Now, we presume it to be the general understanding, and quite uniform practice of the 'profession in this state, when prosecuting suits for non-residents, to give directions to officers about serving attachments and levying executions, when any instructions are called for. We do not suppose it is customary to write to clients living at a great distance, who can possibly know but little, if any thing, of the situation of their debtors property, for special directions upon these points. The attorney on behalf of, and as the agent of the principal, gives all proper instructions; and great prejudice, inconvenience, and loss, would ensue to the latter, if the attorney did not do so. And we think all this comes fairly within the scope of his authority, and that it is necessary he should posses this power, in order to protect and preserve the interests of his foreign client. “My own opinion,” says Justice Story, in the case of Pierce et al. vs. Strickland, 2 Story’s R., 292, “strongly is, that the attorney with us is, by implication, clothed with authority, in all cases of this sort, to do all the acts which are usual and proper to protect the interests of his client, in any attachment, as a part of his ordinary duty. It is for the interests of all clients that this authority should exist ; for it would be impracticable, in many cases, without great expense and delays, to do many acts which might be indispensable to the security of the clients; and for any abuse or misuse of his authority, the attorney would doubtless be liable to his client.” See also Gordon vs. Coolidge, 1 Sumner, 537; Union Bank vs. Geary, 5 Peters, 99 ; Halker vs. Parker, 7 Cranch, 436; Gordon vs. Gale,7 Cowen, 739; Lynch vs. Commonwealth, 16 S. & R., 368; Scott vs. Seiler, 5 Watts, *139335; Gower vs. Emery, 6 Ship. (Me.) 79; 8 id., 558; 10 Vt., 68 ; 14, id., 474; 15 id., 414.

We think, therefore, that the defendants in error had an implied authority, by virtue of their employment as attorneys in the suits, to indemnify the marshal, when about to make a levy under the execution; and that their acts in this behalf were binding upon their clients. And if they executed their own indemnifying bond to the officer, and have, in consequence, suffered from it, it is no more than just and proper, that their clients reimburse them for all damages they have sustained thereby.

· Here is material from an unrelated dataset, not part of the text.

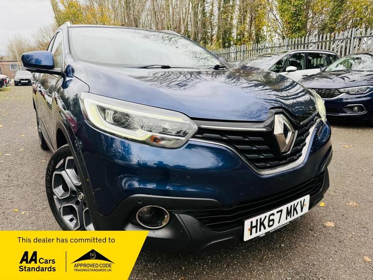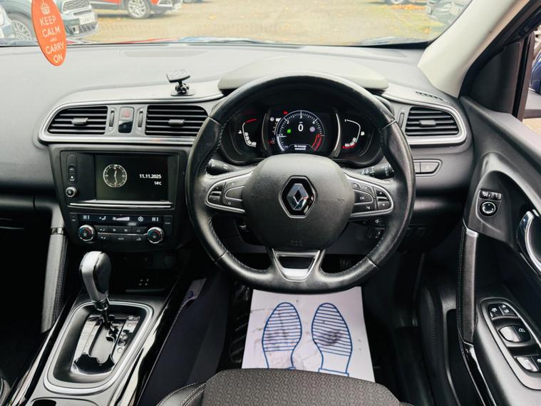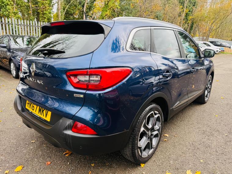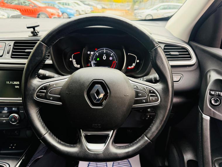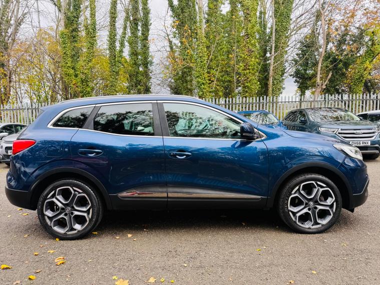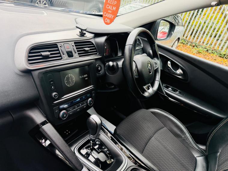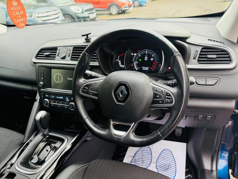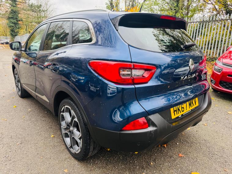 BLUE, SERVICE HISTORY, FINANCE AVAILABLE, NAVIGATION SYSTEM, FRONT AND REAR PARKING SENSORS, HALF LEATHER TRIM, ONLY ONE FORMER KEEPER, PRIVACY GLASS, START/STOP, CRUISE CONTROL, ULEZ COMPLIANTSUPERB DRIVE, VERY ECONOMICAL, ALLOY WHEELS, CLIMATE CONTROL, VERY WELL LOOKED AFTER, VERY CLEAN IN AND OUTThis 2018 Renault Kadjar dCi Dynamique S Nav presents an exceptional ownership proposition with its MOT valid until November 2026 and a clear vehicle history check. This well maintained example boasts a 1.5L Diesel Engine, meeting Euro 6 emission standards, and has covered a modest 65, 410 miles. Inside, you'll find the Dynamique S Nav trim offering a host of convenient features, including an Arkamys 3D Sound DAB Radio with Bluetooth and USB connectivity, front and rear parking sensors for effortless manoeuvring, and a hands free keycard for keyless entry. Enjoy seamless smartphone integration with Apple CarPlay and maintain perfect cabin comfort with automatic dual zone climate control.The highlights of this Renault Kadjar demonstrate its superior value compared to other vehicles in its class. Its impressive fuel economy of 72 mpg means fewer trips to the petrol station, while its low insurance group rating contributes to lower running costs. Furthermore, its low CO2 emissions are beneficial for both the environment and potential tax implications. This Kadjar is a sensible choice for those seeking an economical and well equipped family car..

It was contended on the argument by the counsel for the plaintiffs that the evidence showed that the defendants in error, or one of them, at least, acted rashly and imprudently in ordering the officer to make the levy. We do not think this charge is sustained by any thing which appears in the case. The attorneys seem to have acted in good faith in ordering the levy, and in giving the bond, and with all the prudence and discretion which any attorney could exercise.

From the views expressed, it becomes unnecessary to notice the other points upon the plaintiffs’ brief.

The judgment of the circuit court is affirmed, with costs.